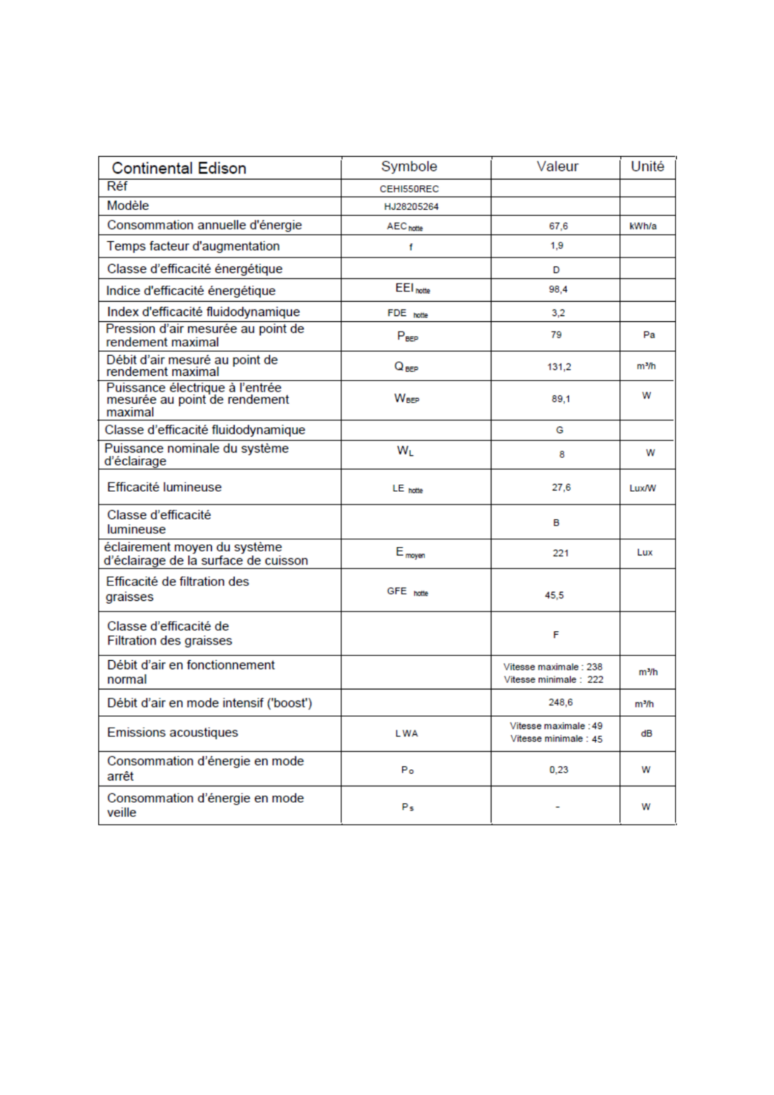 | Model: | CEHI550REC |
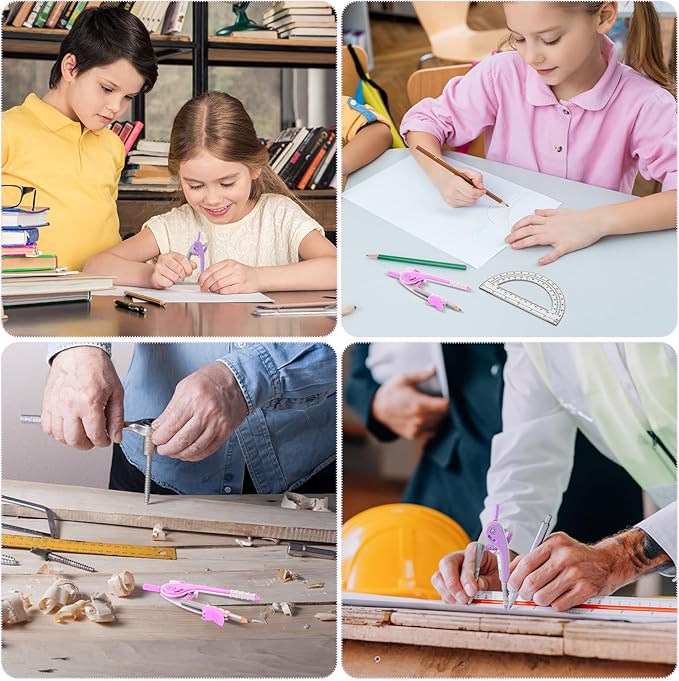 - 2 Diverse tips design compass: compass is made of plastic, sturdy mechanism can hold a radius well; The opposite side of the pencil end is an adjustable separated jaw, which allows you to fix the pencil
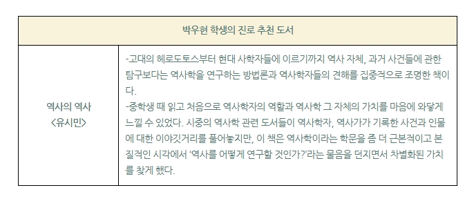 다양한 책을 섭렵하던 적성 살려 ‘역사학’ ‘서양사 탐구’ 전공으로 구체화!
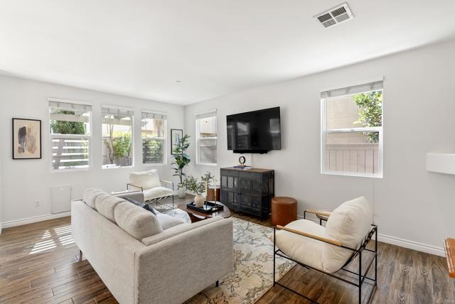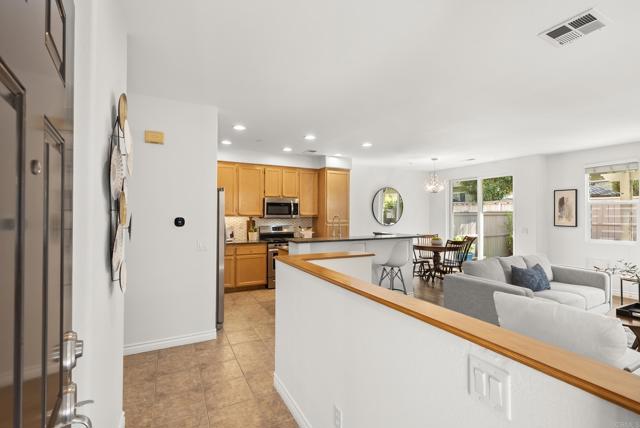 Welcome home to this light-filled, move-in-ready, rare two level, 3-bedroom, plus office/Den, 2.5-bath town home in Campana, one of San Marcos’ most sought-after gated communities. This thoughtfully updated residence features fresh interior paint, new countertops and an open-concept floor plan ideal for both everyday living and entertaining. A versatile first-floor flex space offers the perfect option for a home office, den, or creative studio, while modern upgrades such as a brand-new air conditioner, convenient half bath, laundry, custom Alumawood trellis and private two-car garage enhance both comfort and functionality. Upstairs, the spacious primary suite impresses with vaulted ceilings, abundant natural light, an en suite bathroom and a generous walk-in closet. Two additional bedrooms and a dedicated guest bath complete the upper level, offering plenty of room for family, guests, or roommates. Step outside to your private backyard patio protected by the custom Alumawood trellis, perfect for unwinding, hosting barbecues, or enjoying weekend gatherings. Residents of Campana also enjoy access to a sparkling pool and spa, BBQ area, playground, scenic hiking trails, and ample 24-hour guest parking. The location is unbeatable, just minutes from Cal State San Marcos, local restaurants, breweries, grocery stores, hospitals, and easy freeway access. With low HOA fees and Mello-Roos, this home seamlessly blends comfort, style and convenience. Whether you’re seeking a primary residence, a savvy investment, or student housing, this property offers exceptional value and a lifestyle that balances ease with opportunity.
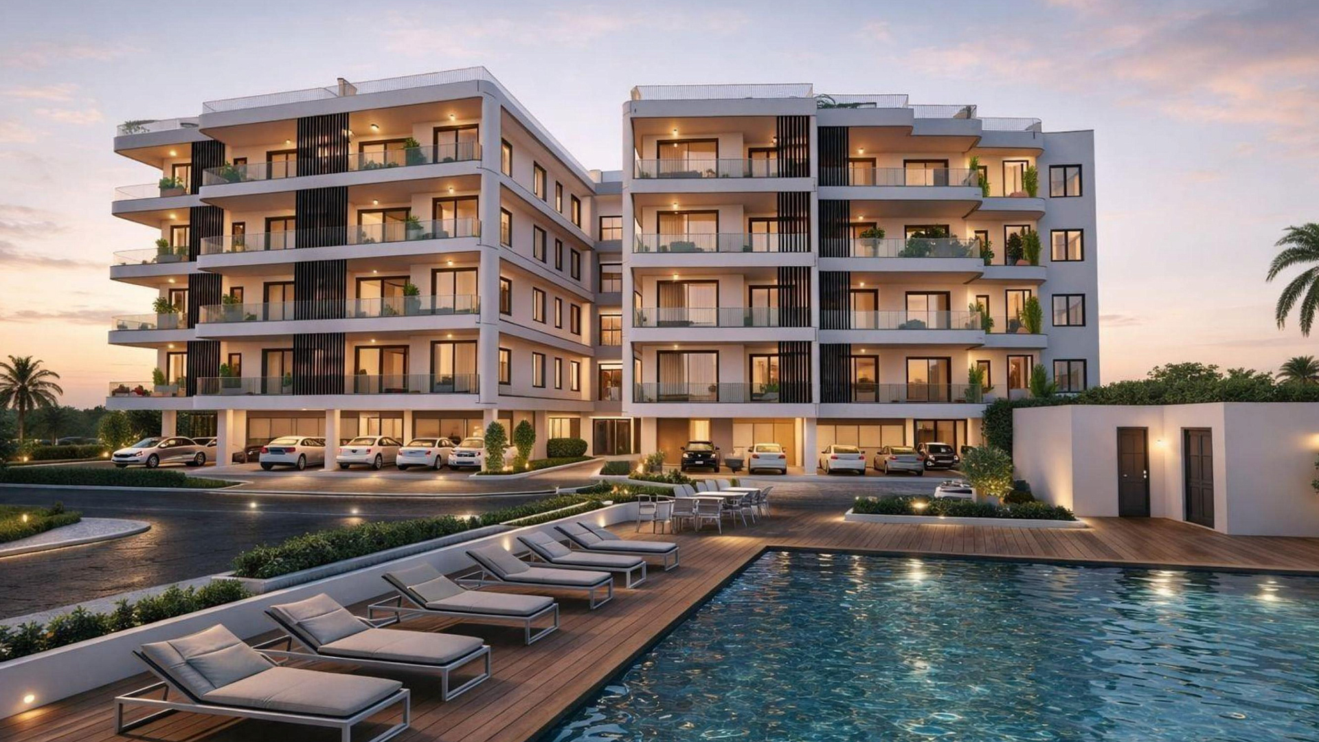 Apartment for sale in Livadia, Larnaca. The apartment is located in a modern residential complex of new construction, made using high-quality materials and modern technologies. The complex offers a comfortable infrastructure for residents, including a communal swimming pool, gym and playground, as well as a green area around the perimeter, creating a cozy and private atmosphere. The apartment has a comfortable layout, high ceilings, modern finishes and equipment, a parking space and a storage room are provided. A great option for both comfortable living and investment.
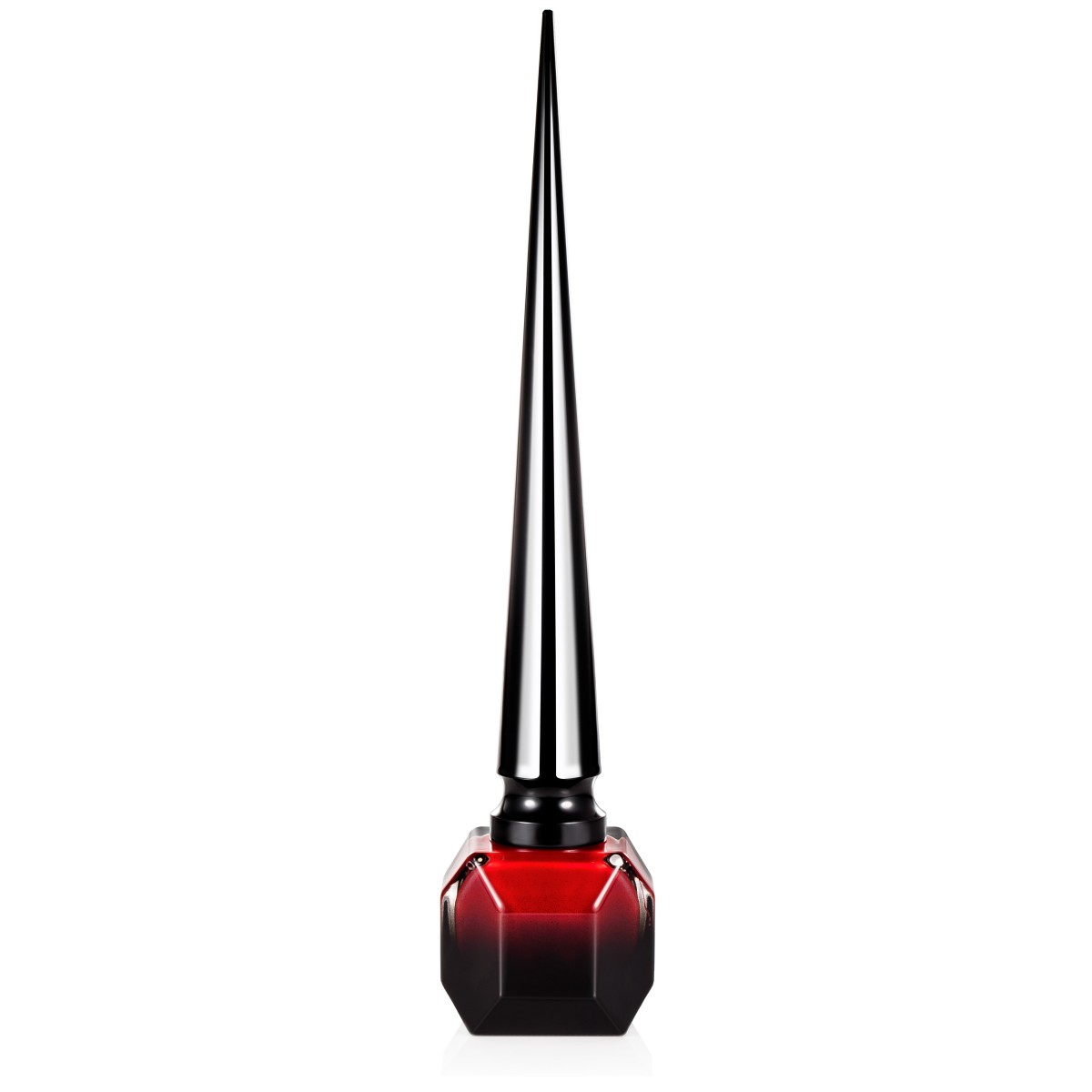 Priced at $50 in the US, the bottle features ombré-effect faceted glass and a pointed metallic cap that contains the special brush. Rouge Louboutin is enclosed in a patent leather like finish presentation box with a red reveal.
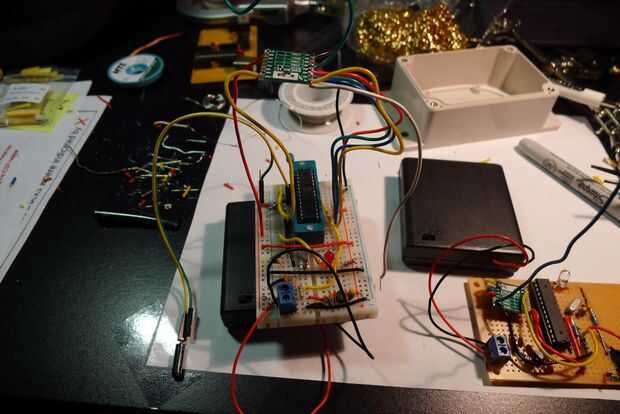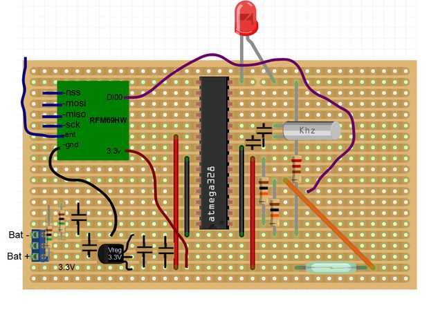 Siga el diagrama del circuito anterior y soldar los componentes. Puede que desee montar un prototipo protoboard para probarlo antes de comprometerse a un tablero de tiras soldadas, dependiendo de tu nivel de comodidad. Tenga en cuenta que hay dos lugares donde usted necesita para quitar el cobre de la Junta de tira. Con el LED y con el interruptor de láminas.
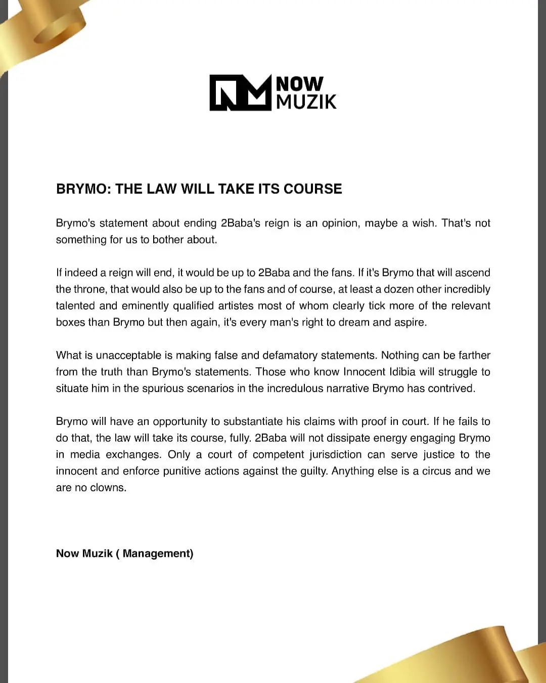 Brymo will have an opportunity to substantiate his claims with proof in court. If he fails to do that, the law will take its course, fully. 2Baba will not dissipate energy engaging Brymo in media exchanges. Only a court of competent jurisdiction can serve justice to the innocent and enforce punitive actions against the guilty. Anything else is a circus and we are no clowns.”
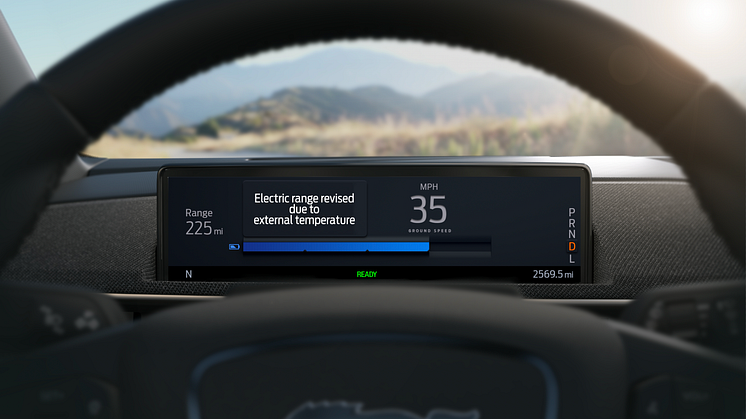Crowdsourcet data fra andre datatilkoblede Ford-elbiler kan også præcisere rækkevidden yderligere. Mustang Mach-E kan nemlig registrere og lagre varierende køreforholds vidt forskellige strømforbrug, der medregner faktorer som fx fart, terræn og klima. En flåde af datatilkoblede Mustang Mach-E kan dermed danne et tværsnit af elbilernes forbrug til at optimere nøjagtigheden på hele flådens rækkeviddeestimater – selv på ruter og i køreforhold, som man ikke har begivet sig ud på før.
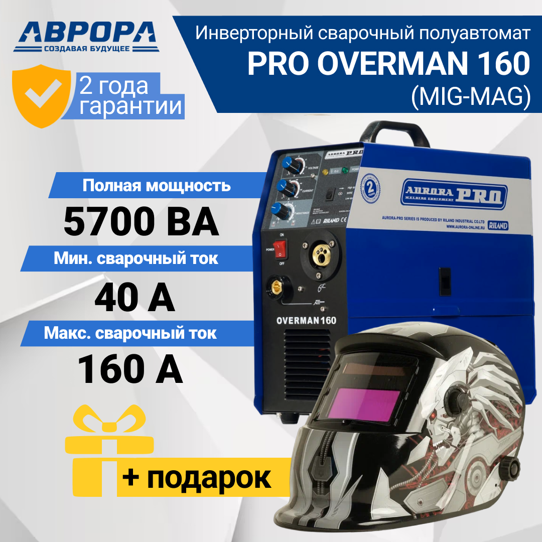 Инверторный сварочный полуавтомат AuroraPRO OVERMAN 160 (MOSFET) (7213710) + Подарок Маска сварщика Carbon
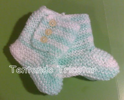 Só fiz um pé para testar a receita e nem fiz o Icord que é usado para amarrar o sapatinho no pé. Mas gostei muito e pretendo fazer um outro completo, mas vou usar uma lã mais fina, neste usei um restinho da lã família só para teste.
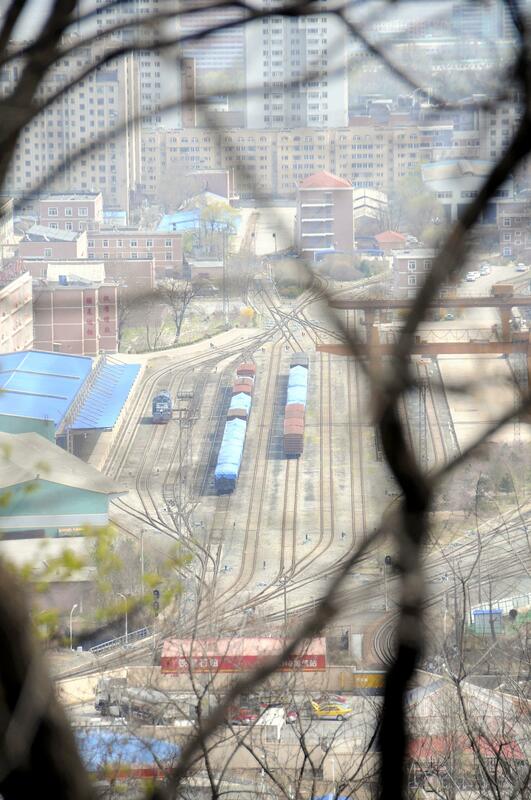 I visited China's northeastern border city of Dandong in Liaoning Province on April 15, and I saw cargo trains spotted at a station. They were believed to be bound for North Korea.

------

Instructions to follow ::
Return the lines exactly as they stand, from the start of the entries through the line holding "다양한 책을 섭렵하던 적성 살려 ‘역사학’ ‘서양사 탐구’ 전공으로 구체화!"; omit the pictures.

Answer ::
 | Model: | CEHI550REC |
 - 2 Diverse tips design compass: compass is made of plastic, sturdy mechanism can hold a radius well; The opposite side of the pencil end is an adjustable separated jaw, which allows you to fix the pencil
 다양한 책을 섭렵하던 적성 살려 ‘역사학’ ‘서양사 탐구’ 전공으로 구체화!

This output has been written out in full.